To fix the tap, the mounting base has a transverse to the longitudinal axis of the vessel threaded bore. Coincident to this, the dispenser has a circularly shaped in the outline through opening, via which in known manner, the end of the tap having an external thread for screwing into the threaded bore of the mounting base can be screwed. The pipe section of the mounting base protruding into the vessel is placed so that it is indirectly adjacent to the coolant inlet, so that the coolant flows in around the line section. For this purpose, it is provided that the coolant inlet forming portion or the outlet opening of the coolant inlet is arranged above the mounting base.

As flow around favorable, the measure proves that the free end of the coolant inlet is curved and thus points to the line section. With regard to improved cooling it is provided that the vessel interior is completely filled with the coolant. As a result, the conduit portion of the mounting base and the cooling portion of the fluid conduit within the vessel are surrounded by the coolant.

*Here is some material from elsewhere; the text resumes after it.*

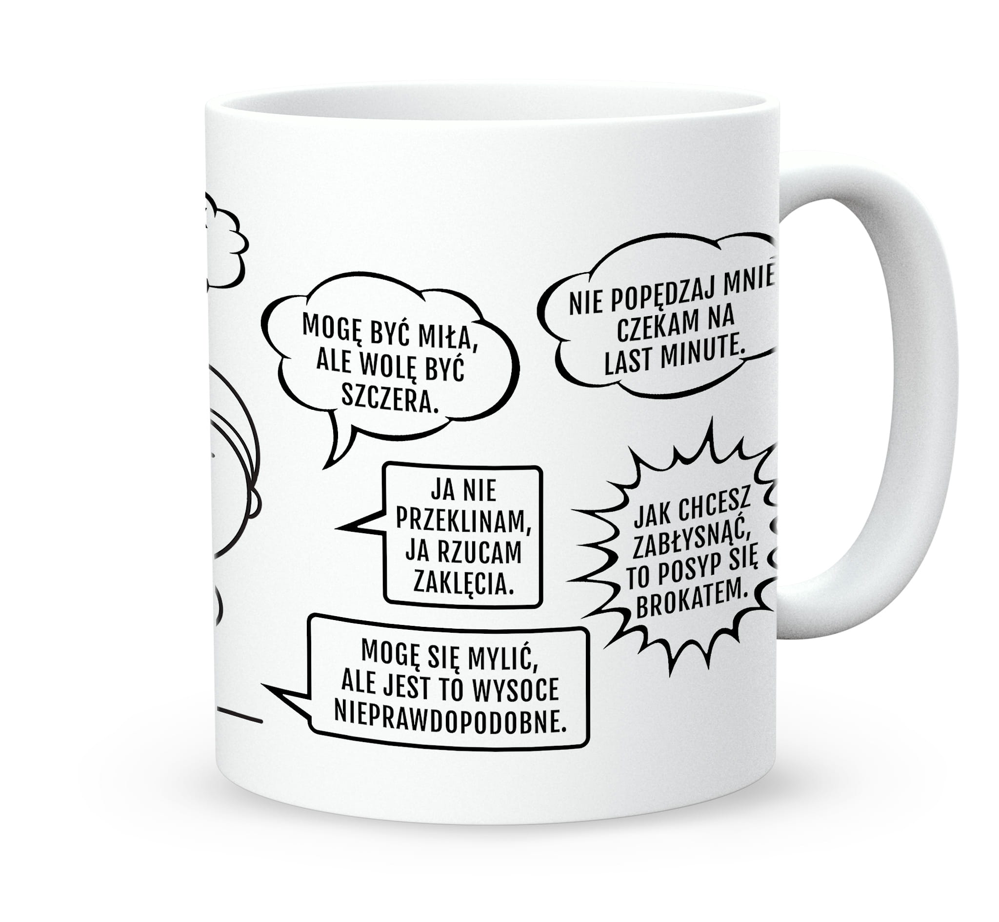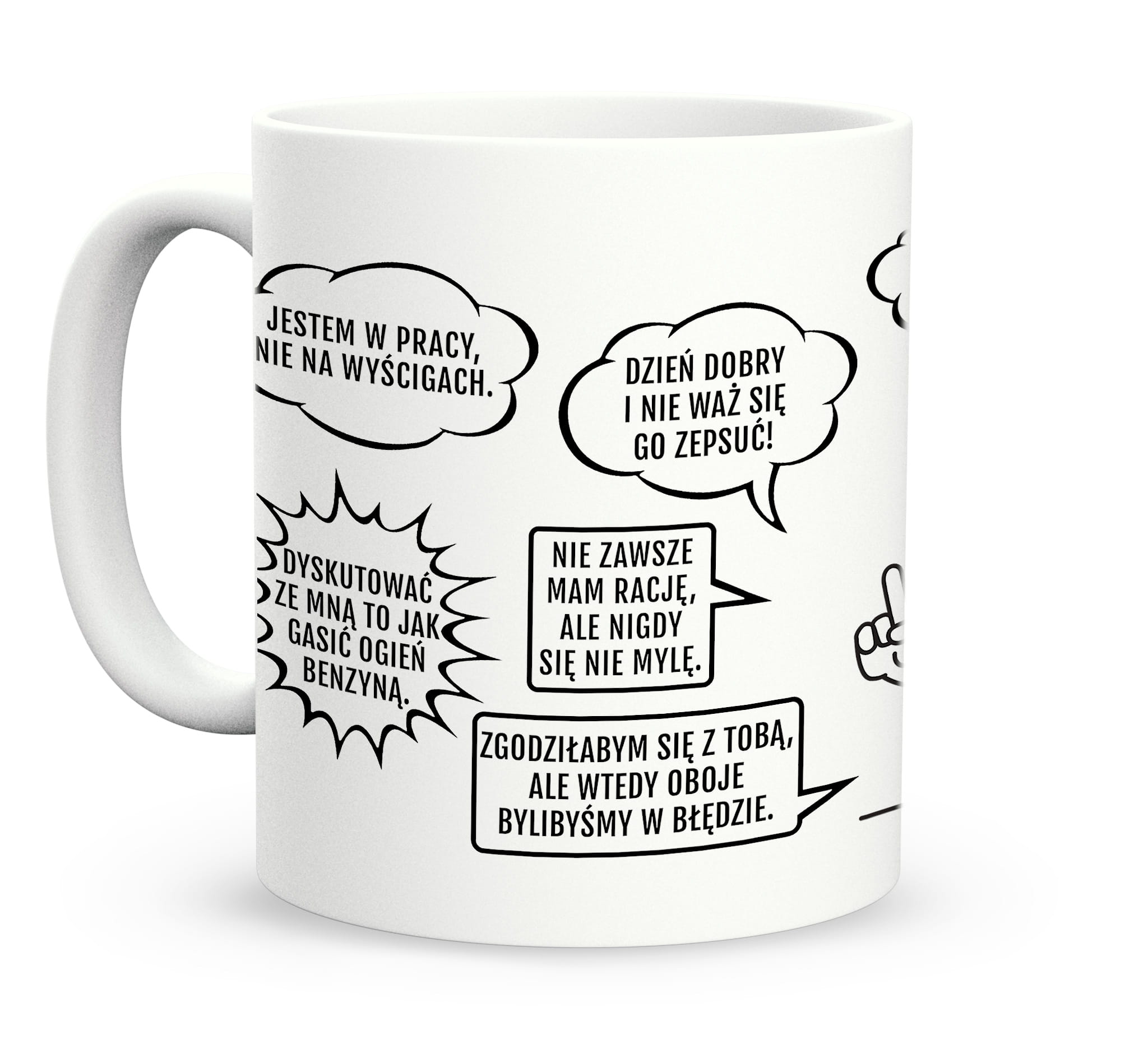 Kubek do kawy dla kobiety z humorystycznym nadrukiem cytatów memów grafiki. Zabawny upominek do pracy.

In order to additionally isolate the vessel positioned centrally within the dispenser, it is proposed that the space of the pump between the outer wall of the vessel wall and the inner wall of the dispenser be filled up with local foam or the like in order to bundle the thermally conductive structure of the vessel within the dispenser.

Fig. 1

die erfindungsgemäße Zapfsäule in einem Vertikalquerschnitt;

Fig. 2

den vergrößert dargestellten Ausschnittsbereich gemäß dem Hinweis II in Fig. 1;

Fig. 3

den Schnitt gemäß der Linie III - III in Fig. 1 und

Fig. 4

den Schnitt gemäß der Linie IV - IV in Fig. 1.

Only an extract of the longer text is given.